Покотилов поскромничал, взял таксомотор, доехал до Арбатских ворот и дальше пошел пешком. Он решил прогуляться немного перед деловым обедом, хотя погода и не располагала к прогулке: было довольно прохладно. Алексей Дмитриевич неспеша миновал Воздвиженку ( ее открывал чудесный, будто бы из сказки, терем, здание Главного архива Министерства Иностранных Дел, «дедушка русских архивов» — с фигурными наличниками, крутой крышей, острыми башенками, и шатровой колокольней церкви, соединенной переходом с главным зданием; все это сказочное разнообразие было окружено ажурной каменной оградой со стройными башенками), ворота с прорезными бойницами проездной Кутафьи башни, белеющей, точно шатер без крыши, остановился у перил моста через Неглинку, засмотрелся на Кремлевский сад*, раскинувшийся между речушкой и кремлевскими стенами. Это позволило ему уйти от тревог сегодняшнего дня.

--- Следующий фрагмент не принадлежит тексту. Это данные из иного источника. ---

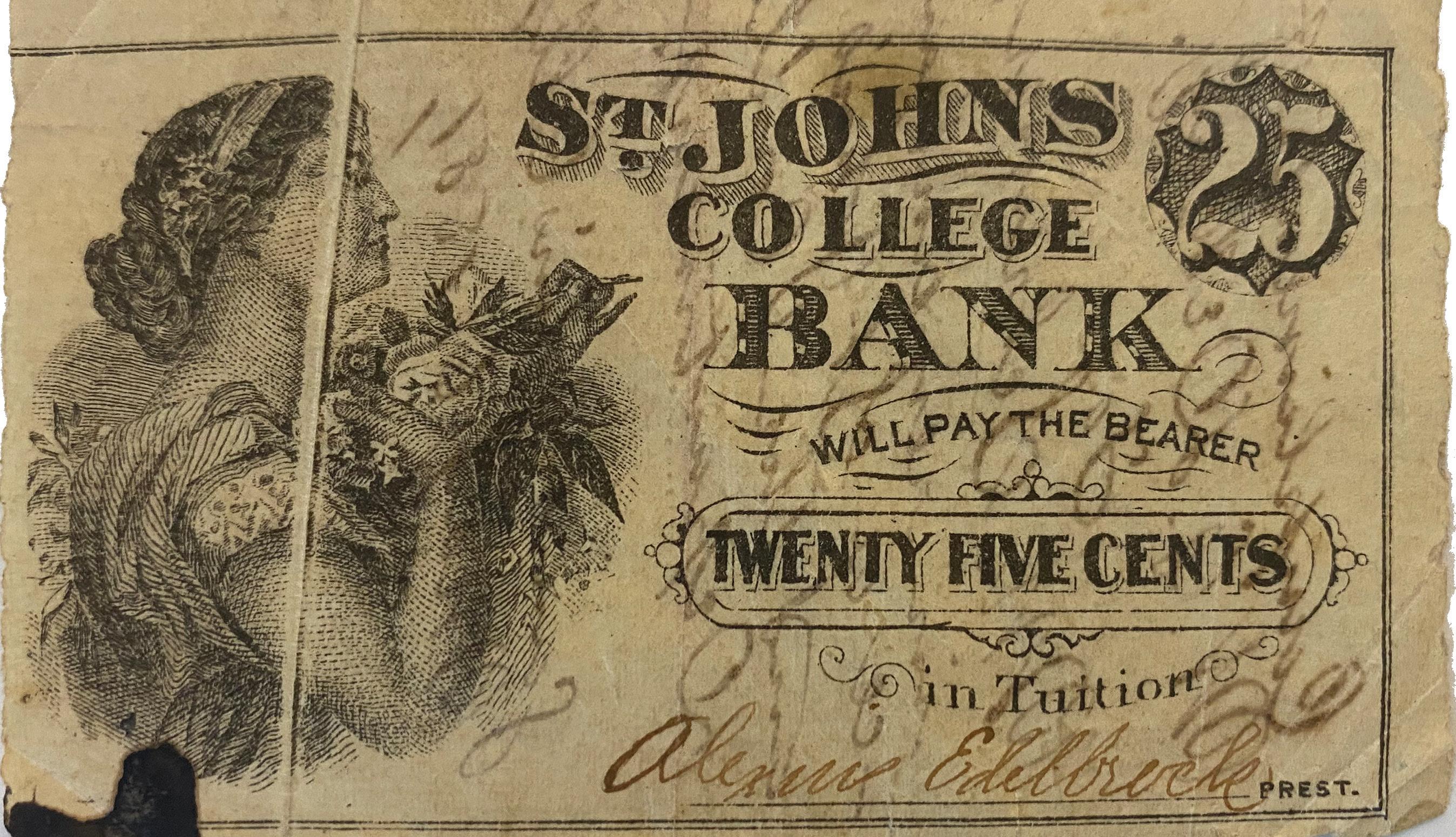 Within a year of their arrival in Minnesota to “establish a school for the service of the Lord” (Rule Prol.45), Saint John’s pioneer monks also established a school for educating local youth. Tuition often enough meant bartering, including donations of pigs and cows to the monastery’s farm! Brother Denys Janiga introduces us to another form of payment: Saint John’s own currency! In this issue, we also explore whether Saint Benedict was a Pelagian, meet a monk from the Buckeye State, conclude our series on monastic timekeeping, and more.

Тревог хватало. В России все как — то, в последние года три, стало тянуться дело, кредиту нет, денег нет, всякие сделки с ужасными проволочками. Да и вообще, был Покотилов в последнее время в брезгливо — раздражительном настроении. Эта Москва и сердила, и подавляла его, и совершенно раздражала его. Он остро чувствовал ее «русопятость», несмотря на отовсюду лезущую европейскость.
Внизу темнели аллеи сада. Сбоку на горе уходил в небо бельведер Румянцевского музея с его стройными павильонами, точно повисший в воздухе над обрывом. Чуть слышно доносилась езда по оголяющейся мостовой…
Покотилов через Троицкий мост прошел в Верхний Кремлевский сад (с моста можно было спуститься в сад по чугунным лестницам) и пошел дальше. Справа, за кремлевской стеной, сухо и однообразно желтел корпус Арсенала, слева, за площадью, у Моисеевской церкви*, белели корпуса Московского военно — топографического училища*. Гул соборных колоколов разливался тонкою заунывною струей. Он скорыми шагами прошел сад, вышел за ограду, повернул вправо, миновал здание бывшего Земского приказа, ныне превращенное в исторический музеум, поднялся на Красную площадь.
Возле Иверской у Воскресенских ворот готовили справлять торжество — «Московский» трактир праздновал открытие своей новой залы. В самом начале Никольской улицы, на том месте, где еще три года назад доживало свой век длинное двухэтажное желтое здание старых присутственных мест, высилась теперь четырехэтажная, в американском стиле, тяжелая громадина кирпича стали и стекла, построенная для еды и попоек, бесконечного питья чаю, трескотни дансинга. Над третьим этажом левой половины дома блестела синяя вывеска с аршинными буквами: «Ресторан».
Покотилов уже успел побывать там двумя днями ранее, на «предварительном открытии», по частному приглашению хозяев ресторана, с коими время от времени проворачивал интересные «гешефты». Как не отнекивался, как не хотел идти в очередное купеческое бахвальство, а пришлось пойти. За владельцами — сплошь старомосковские купеческие фамилии, а за фамилиями — вековые традиции. Нельзя не «уважить». «Тит Титычи». Но Покотилов не любил «Московский», называл его «типичным купеческим ватерклозетиком»; старая зала трактира ничем не отличалась на вид от первого попавшегося заведения средней руки. Эдакий осколок старой Москвы со спертым влажным воздухом, запахом кипятка, половиков и пряностей, типично московскими купеческими обедами; с выписной рыбой «barbue», со щами, с гурьевской кашей, с расстегаями, с ботвиньей. Еще и шато — икем и «ерофеич». Длинный коридор с кабинетами, отделением под свадьбы и вечеринки, с нишей для музыкантов. Старая зала ресторана — это чугунная лестница, вешалки обширной швейцарской со служителями в сибирках и высоких сапогах. Покотилов сплюнул.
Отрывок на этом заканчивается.